▶ _Problem description_: Print, word for word, the opening line of the data below and every line after it through the line that contains "L'avvio è alla", but not the pictures.

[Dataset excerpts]
= Beginning of Section =

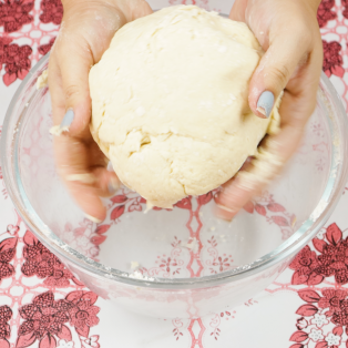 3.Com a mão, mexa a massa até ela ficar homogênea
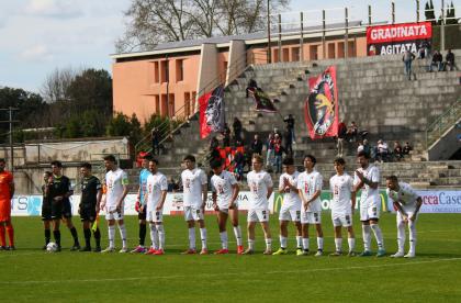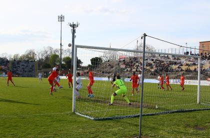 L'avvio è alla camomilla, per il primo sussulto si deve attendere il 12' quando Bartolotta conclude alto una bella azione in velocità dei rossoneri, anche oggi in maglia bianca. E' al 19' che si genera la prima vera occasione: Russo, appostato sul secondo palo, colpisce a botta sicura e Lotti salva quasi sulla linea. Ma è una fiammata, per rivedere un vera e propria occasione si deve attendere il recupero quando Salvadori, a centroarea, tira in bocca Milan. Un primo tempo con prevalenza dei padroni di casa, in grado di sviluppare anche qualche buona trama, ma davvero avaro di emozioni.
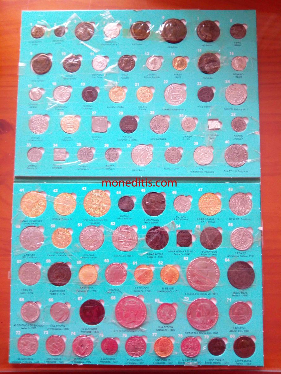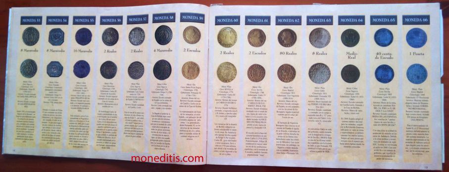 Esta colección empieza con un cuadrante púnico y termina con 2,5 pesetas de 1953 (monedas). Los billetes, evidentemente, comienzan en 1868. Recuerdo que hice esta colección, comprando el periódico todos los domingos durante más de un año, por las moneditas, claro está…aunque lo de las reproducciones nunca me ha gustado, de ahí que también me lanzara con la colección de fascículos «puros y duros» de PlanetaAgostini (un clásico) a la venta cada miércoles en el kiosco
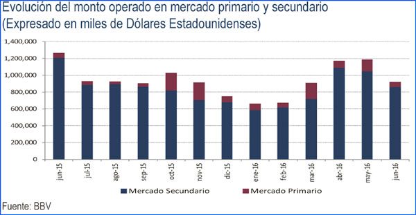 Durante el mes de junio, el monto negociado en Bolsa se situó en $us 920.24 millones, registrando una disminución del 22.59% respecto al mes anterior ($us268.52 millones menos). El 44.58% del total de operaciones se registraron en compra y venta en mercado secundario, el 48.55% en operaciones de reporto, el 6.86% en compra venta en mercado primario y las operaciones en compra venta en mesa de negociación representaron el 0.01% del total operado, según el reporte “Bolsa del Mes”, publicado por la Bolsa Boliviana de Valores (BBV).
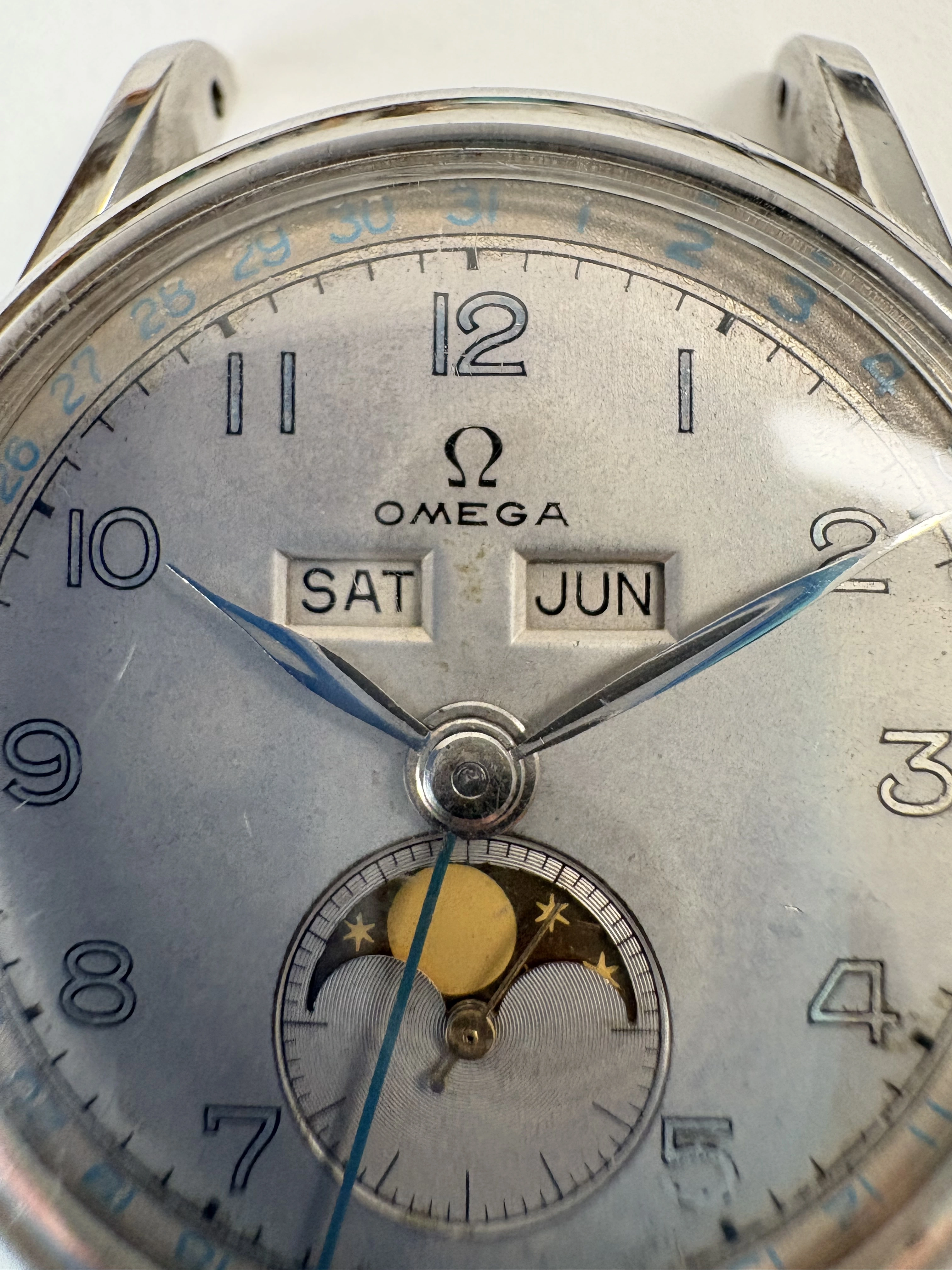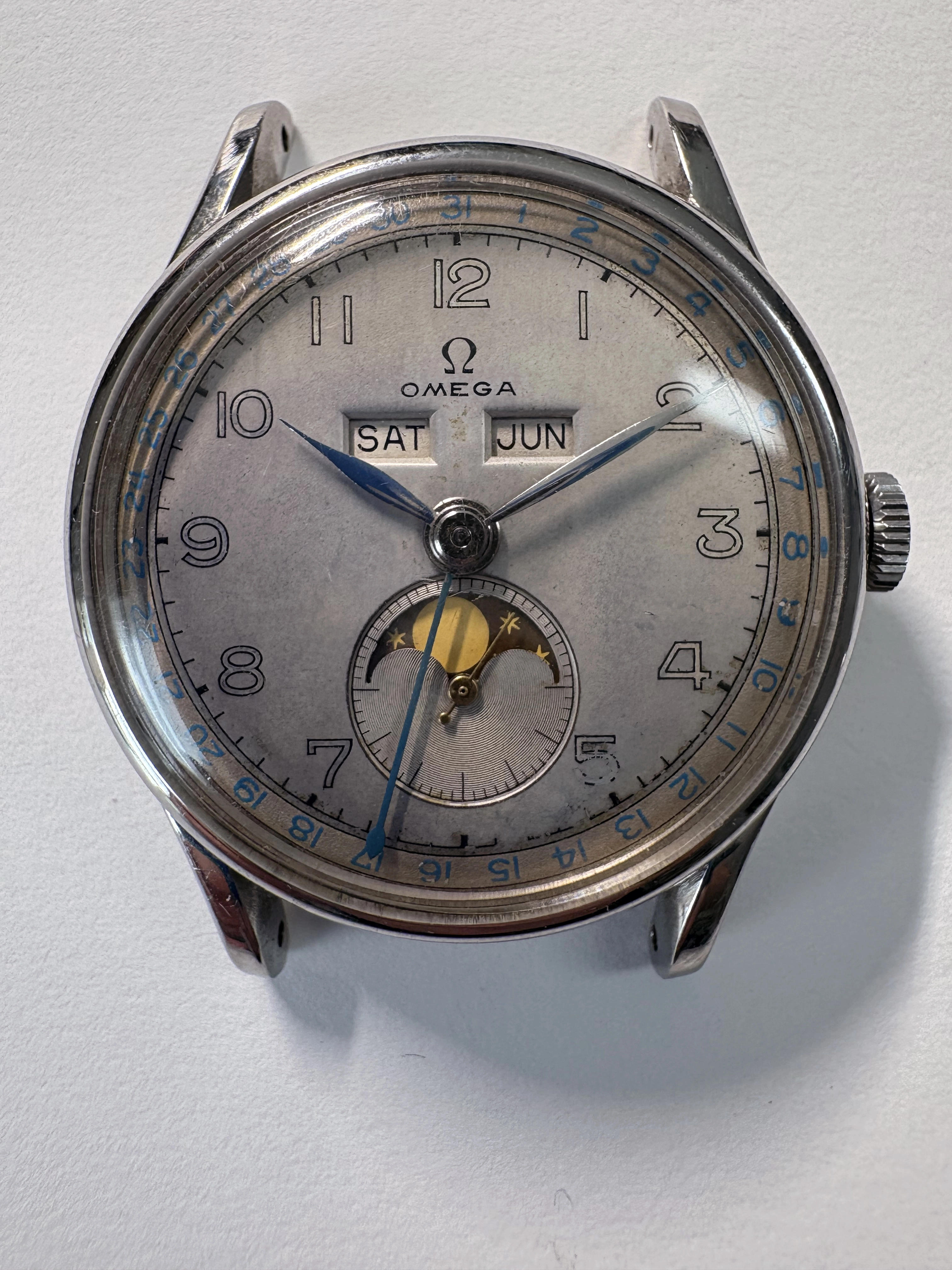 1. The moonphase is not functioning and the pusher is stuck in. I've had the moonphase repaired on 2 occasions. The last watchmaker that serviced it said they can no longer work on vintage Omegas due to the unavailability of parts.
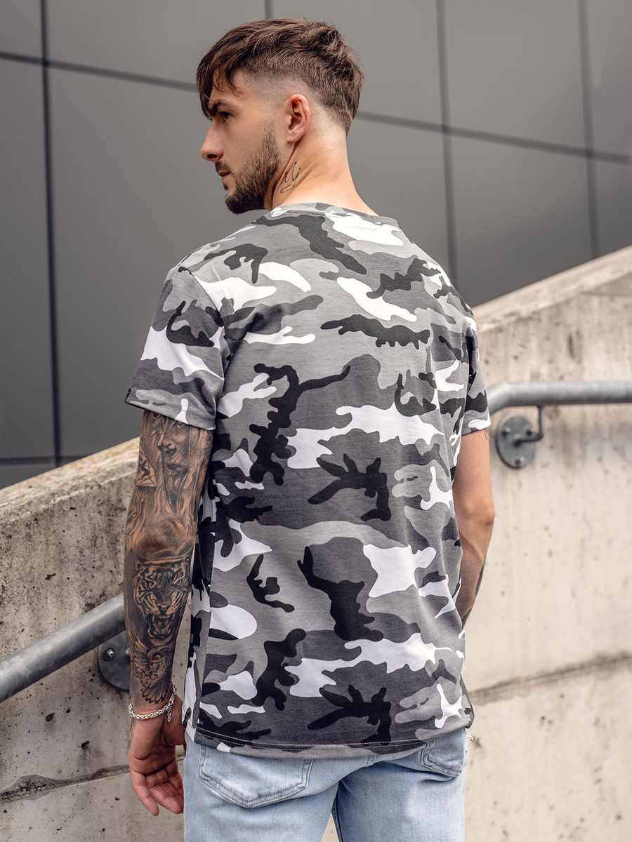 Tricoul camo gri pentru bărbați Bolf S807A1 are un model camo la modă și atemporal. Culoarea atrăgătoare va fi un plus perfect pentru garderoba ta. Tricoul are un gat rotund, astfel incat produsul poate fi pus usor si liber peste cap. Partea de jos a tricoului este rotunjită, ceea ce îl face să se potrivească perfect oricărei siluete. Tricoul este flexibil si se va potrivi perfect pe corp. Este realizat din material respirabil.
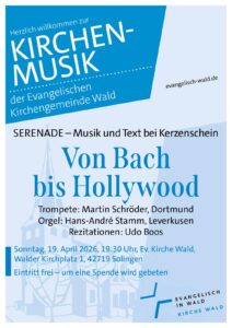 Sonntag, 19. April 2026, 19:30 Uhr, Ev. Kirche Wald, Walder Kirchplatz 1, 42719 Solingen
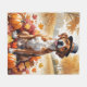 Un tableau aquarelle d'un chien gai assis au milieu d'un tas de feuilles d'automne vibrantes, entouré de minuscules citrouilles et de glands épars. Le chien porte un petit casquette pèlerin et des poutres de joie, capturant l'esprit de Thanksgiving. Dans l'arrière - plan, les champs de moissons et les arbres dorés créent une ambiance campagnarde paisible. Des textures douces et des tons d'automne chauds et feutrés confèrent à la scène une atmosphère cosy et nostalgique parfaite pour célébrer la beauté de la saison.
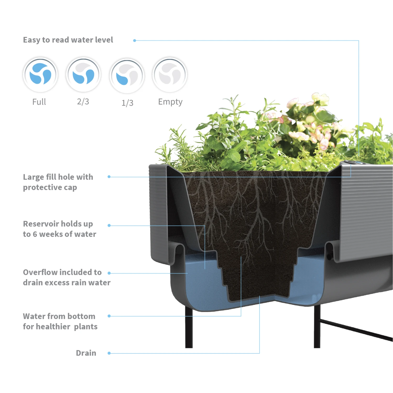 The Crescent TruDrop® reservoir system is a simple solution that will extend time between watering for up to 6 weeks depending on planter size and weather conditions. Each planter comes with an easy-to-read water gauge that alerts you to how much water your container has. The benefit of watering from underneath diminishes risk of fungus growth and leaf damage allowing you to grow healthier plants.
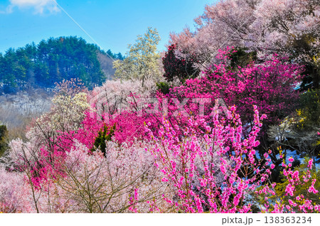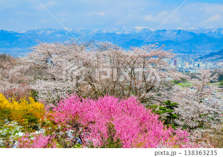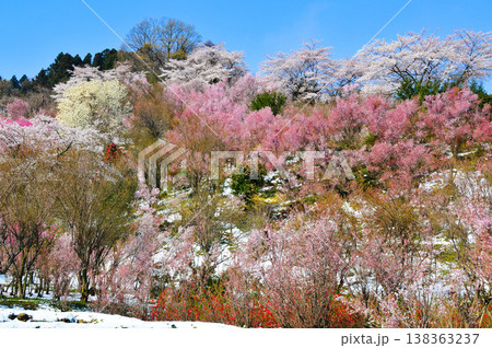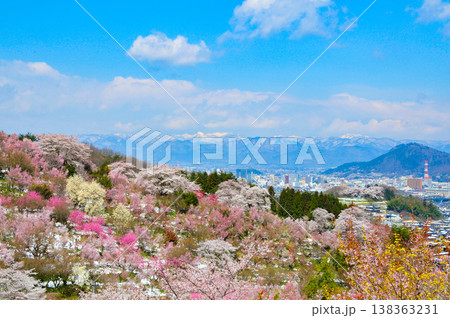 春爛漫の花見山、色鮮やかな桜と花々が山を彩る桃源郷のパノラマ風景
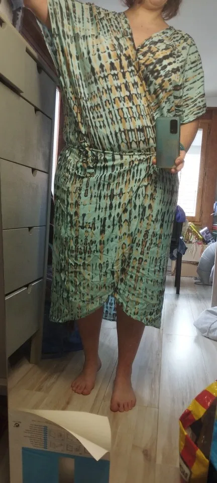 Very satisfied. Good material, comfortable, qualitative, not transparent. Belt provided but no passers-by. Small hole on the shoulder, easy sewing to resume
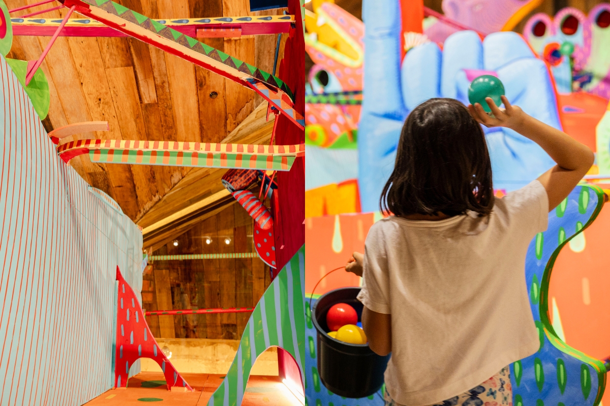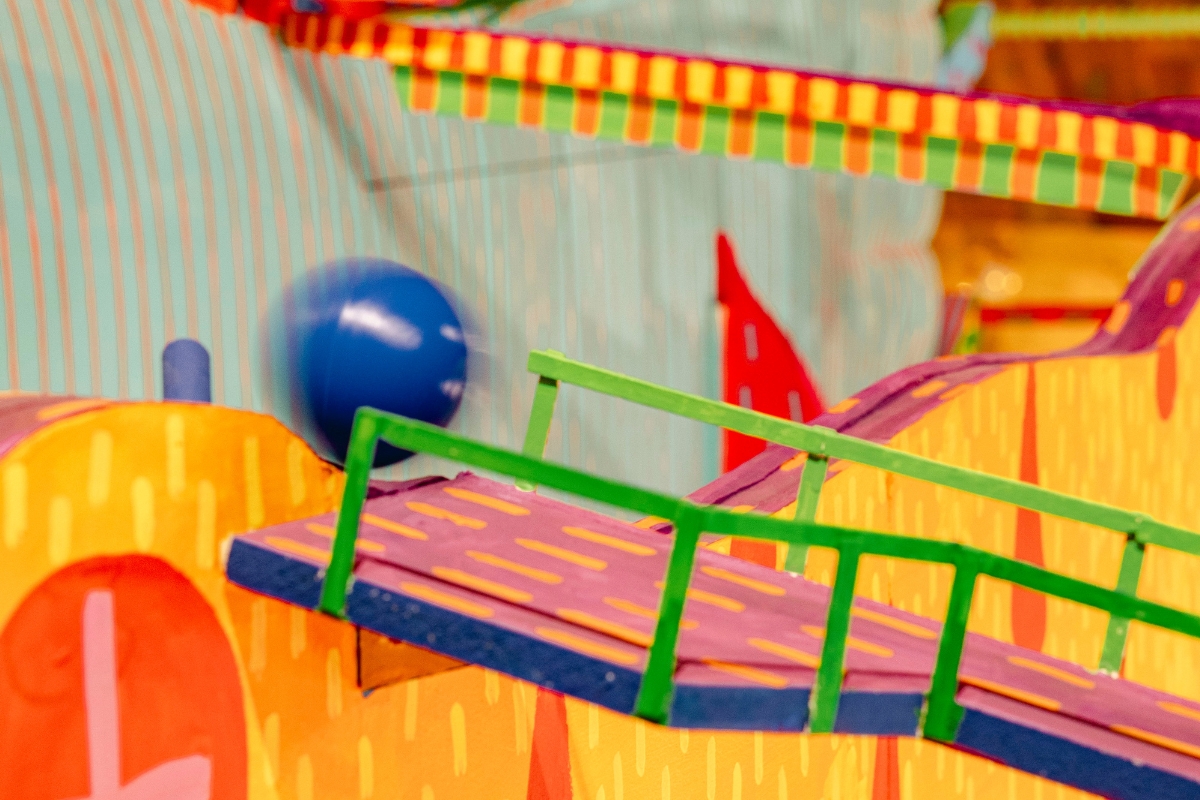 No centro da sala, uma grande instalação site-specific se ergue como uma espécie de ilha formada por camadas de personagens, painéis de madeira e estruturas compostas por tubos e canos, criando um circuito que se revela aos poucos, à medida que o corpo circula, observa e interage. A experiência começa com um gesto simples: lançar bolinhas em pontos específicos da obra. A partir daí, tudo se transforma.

= End of Section =

▶ _Exercise output_:
 3.Com a mão, mexa a massa até ela ficar homogênea
 L'avvio è alla camomilla, per il primo sussulto si deve attendere il 12' quando Bartolotta conclude alto una bella azione in velocità dei rossoneri, anche oggi in maglia bianca. E' al 19' che si genera la prima vera occasione: Russo, appostato sul secondo palo, colpisce a botta sicura e Lotti salva quasi sulla linea. Ma è una fiammata, per rivedere un vera e propria occasione si deve attendere il recupero quando Salvadori, a centroarea, tira in bocca Milan. Un primo tempo con prevalenza dei padroni di casa, in grado di sviluppare anche qualche buona trama, ma davvero avaro di emozioni.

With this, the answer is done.